● Directions for this task
In the material below, pictures must be dropped. Repeat exactly, and only, the lines from the line with "Dalmao 90cm långa" to the line with "Built by Stennes", both ends included.

========================================================================

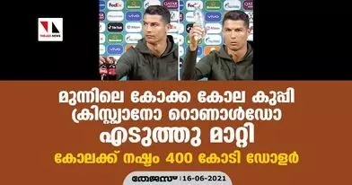 മുന്നിലെ കോക്ക കോല കുപ്പി ക്രിസ്റ്റ്യാനോ റൊണാള്ഡോ എടുത്തു മാറ്റി; കോലക്ക് നഷ്ടം 400 കോടി ഡോളര്
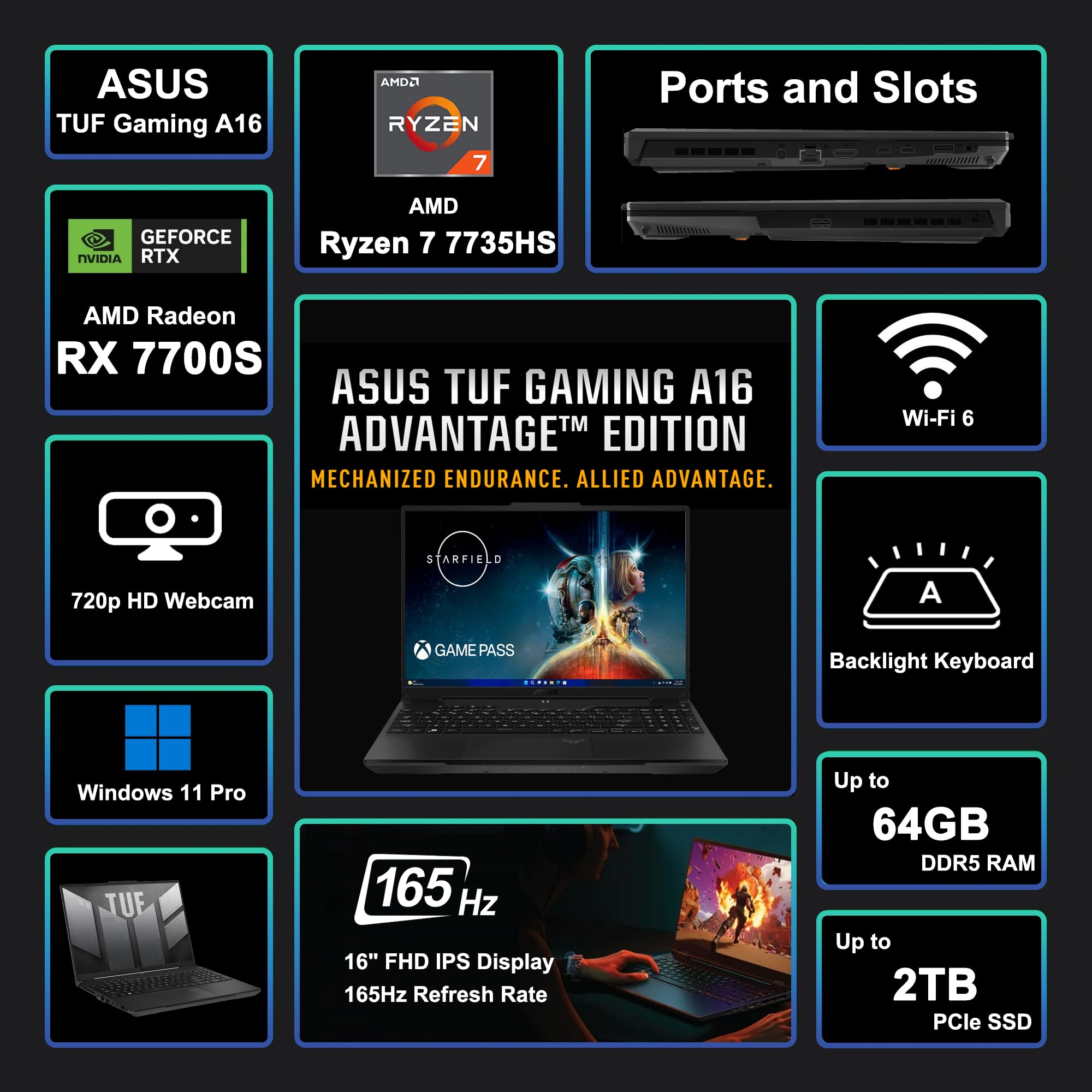 Unleash the Power Within. Introducing the Windows 11 Professional Performance Beast. This isn't just a laptop; it's your mobile command center. Engineered for creators, gamers, and power users, it's driven by the formidable AMD Octa-core Ryzen 7 processor and dedicated AMD Radeon RX 7700S 8GB graphics. Experience desktop-level performance for seamless multitasking, breathtaking content creation, and immersive gameplay. Command Every Pixel. Get lost in a stunning 16" WUXGA IPS display that redefines smoothness. With a buttery-smooth 165Hz refresh rate, 100% sRGB color, and AMD FreeSync Premium, visuals are breathtakingly fluid, tear-free, and incredibly vivid. See and feel the difference. Engineered for the Demands of Tomorrow. Thunderous Audio: Feel every explosion and note with a premium sound system featuring Dolby Atmos and Hi-Res Audio Certification for a truly cinematic experience. Connect Without Limits: From ultra-fast USB4 (40Gbps) for rapid data transfers to HDMI 2.1 for 4K output and Gigabit Ethernet for lag-free competition, every port empowers your workflow and play. Power Through Your Day: Stay in the zone with a massive 90Wh battery and a full-size, comfortable backlit keyboard. Wi-Fi 6 ensures you're always on the fastest network.
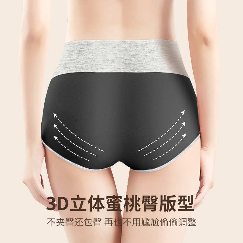 三角内裤 女士抗菌全棉裆塑身提臀大码 纯棉 高弹力高腰收腹裤 5条装
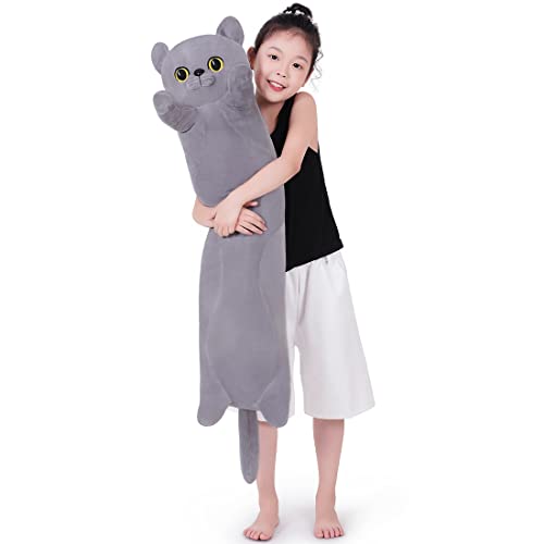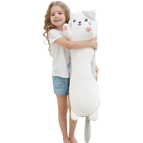 Dalmao 90cm långa katt plysch kuddar, stora katt fyllda djur squishy kuddar, söt Kitty Plushie sovkudde gåvor för barn födelsedagar, påsk
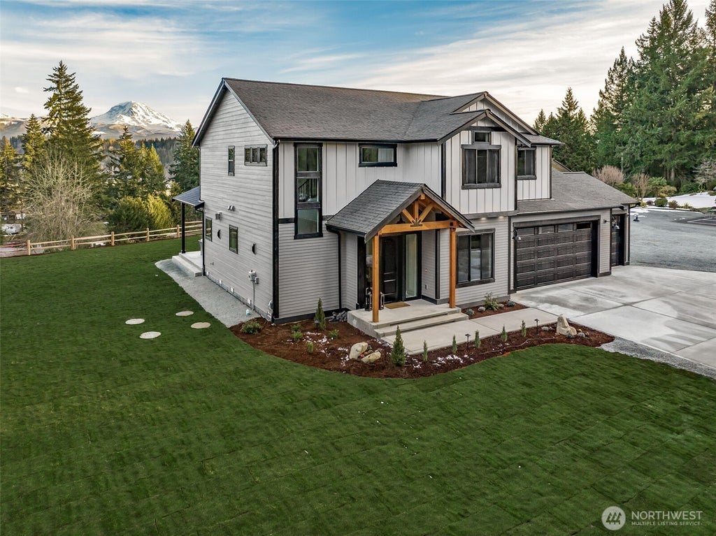 Built by Stennes Homes.. Spectacular custom home W/stunning MT. RAINIER VIEWS! Grand entry W/vaulted ceilings, chandelier, & custom walls! Open living W/gas FP ft. tile surround W/Doug Fir mantle & dbl slider to patio! 10ft ceilings on main! Chef’s kitchen W/quartz counters, full height back splash, Huntwood cabinets W/42” uppers, 31” apron sink, Frigidaire 60” dual fridge & Smeg 36” gas range! Den/office W/French drs & custom wall! Mud rm W/storage, & ½ bath on main. Primary W/vaulted ceiling, HUGE WI closet W/built in’s & spa-like bath W/quartz counters, free standing soaker tub, & floor to ceiling marble shower! 3 addtl bdrms & full bth w/dual sink vanity! Sonos sound syst. Loft/bonus area up. Covered patio! 1K sqft 4-car tandem gar!
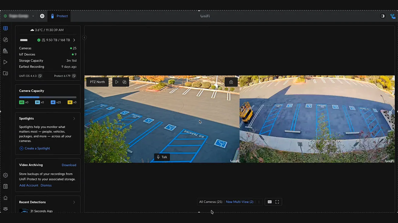 - UniFi AI PTZ Precision Cameras: Paired with the G6 Pro, the AI PTZ Precision is installed on each corner. While the G6 Pro acts as a stationary eye, the AI PTZ Precision operates in a patrolling mode, constantly scanning its assigned area. What makes this combination truly powerful is their communication: if a G6 Pro detects an object or person, it triggers the AI PTZ to automatically zoom in and track the subject, providing detailed video of any event. This intelligent auto-tracking feature significantly enhances situational awareness. You can dive deeper into the advanced features and setup of the UniFi AI PTZ Precision in this article: Ubiquiti UniFi Protect UVC AI PTZ Precision.

========================================================================

● Answer space
 Dalmao 90cm långa katt plysch kuddar, stora katt fyllda djur squishy kuddar, söt Kitty Plushie sovkudde gåvor för barn födelsedagar, påsk
 Built by Stennes Homes.. Spectacular custom home W/stunning MT. RAINIER VIEWS! Grand entry W/vaulted ceilings, chandelier, & custom walls! Open living W/gas FP ft. tile surround W/Doug Fir mantle & dbl slider to patio! 10ft ceilings on main! Chef’s kitchen W/quartz counters, full height back splash, Huntwood cabinets W/42” uppers, 31” apron sink, Frigidaire 60” dual fridge & Smeg 36” gas range! Den/office W/French drs & custom wall! Mud rm W/storage, & ½ bath on main. Primary W/vaulted ceiling, HUGE WI closet W/built in’s & spa-like bath W/quartz counters, free standing soaker tub, & floor to ceiling marble shower! 3 addtl bdrms & full bth w/dual sink vanity! Sonos sound syst. Loft/bonus area up. Covered patio! 1K sqft 4-car tandem gar!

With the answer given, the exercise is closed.